# Mit Excel Daten über Modbus lesen



## eYe (28 April 2010)

Moin,

ich wollte mal fragen ob hier jemand schonmal Daten mit Excel über Modbus TCP oder RTU gelesen hat.
Schön wäre es natürlich wenn das ohne extra OPC Server, etc laufen könnte. Sind die Excel VBA Möglichkeiten dafür ausreichend bzw kann man in Excel eine Modbus Bibliothek einbinden?

Bin für jeden Hinweis/Link dankbar,
eYe


----------



## Oberchefe (1 Mai 2010)

Von Wago gibt's eine DLL dafür, die kostet natürlich ein paar Euros.

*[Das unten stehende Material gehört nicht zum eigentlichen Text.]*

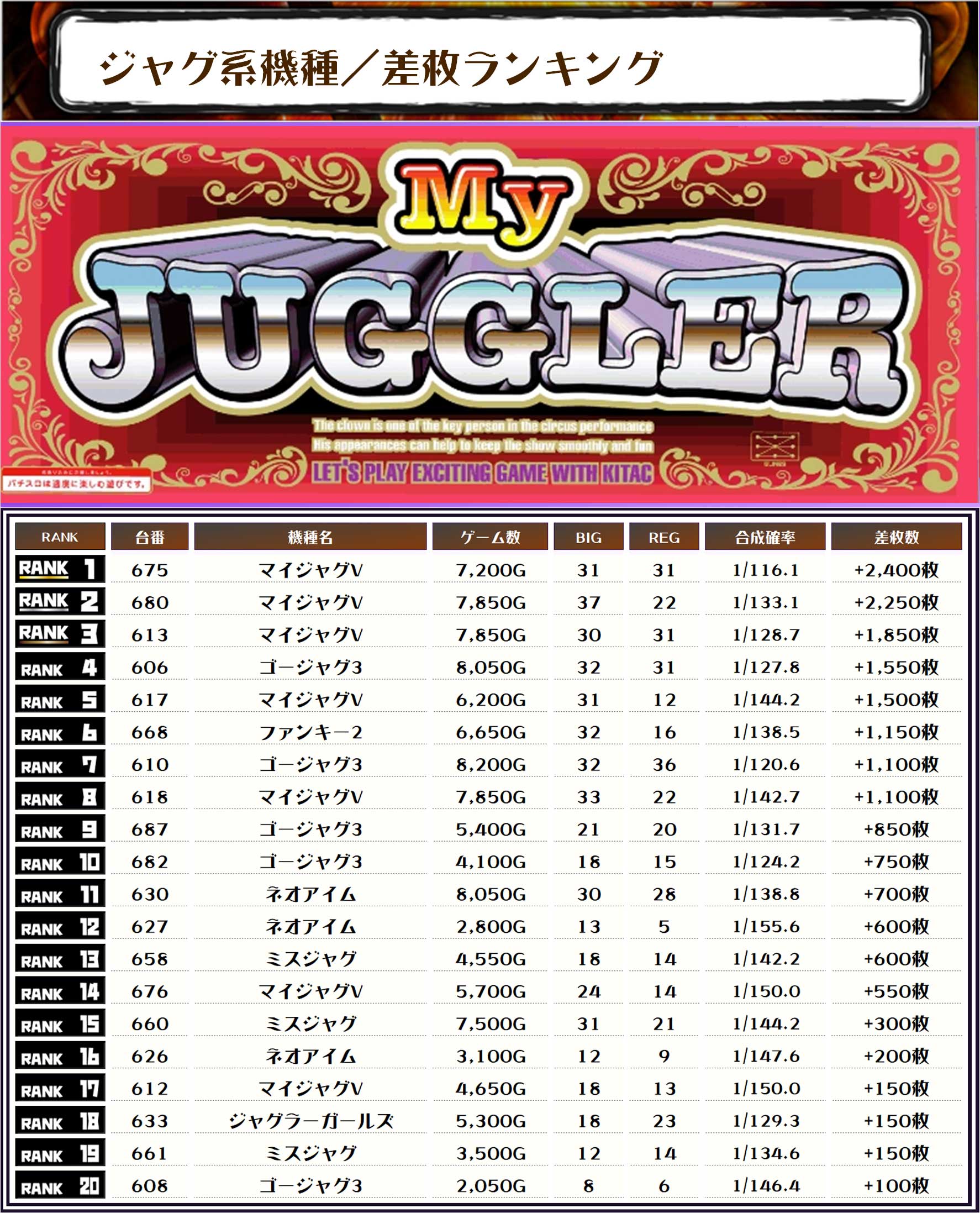 全体のTOP差枚は【マイジャグV・675番台】で+2,400枚👍

http://www.wago.com/wagoweb/documentation/759/ger_manu/312/m931200d.pdf

Ansonsten Spezifikation von www.modbus.org runterladen und selber schreiben.


----------



## o_prang (4 Mai 2010)

Hi eYe,

diese DLL kannste eigentlich nur mit C oder VBA bearbeiten.
Ich denke nicht dass Du mit Excel externe DLLs einbinden kannst.

Hier habe ich was gefunden was Dir vielleicht helfen könnte.


----------



## Oberchefe (4 Mai 2010)

> diese DLL kannste eigentlich nur mit C oder VBA bearbeiten.
> Ich denke nicht dass Du mit Excel externe DLLs einbinden kannst.



Was ist VBA?
http://de.wikipedia.org/wiki/Visual_Basic_for_Applications

Nicht zu verwechseln mit VB:
http://de.wikipedia.org/wiki/Visual_Basic

Beispiele zu VBA siehe Seite 31 im PDF vom ersten Link.


----------



## BPlagens (5 Mai 2010)

Google hat das hier gefunden:

http://www.modbus.pl/Visual_Basic.html
http://homepage.ntlworld.com/p.mcrae/paul/
http://www.freemodbus.org/


----------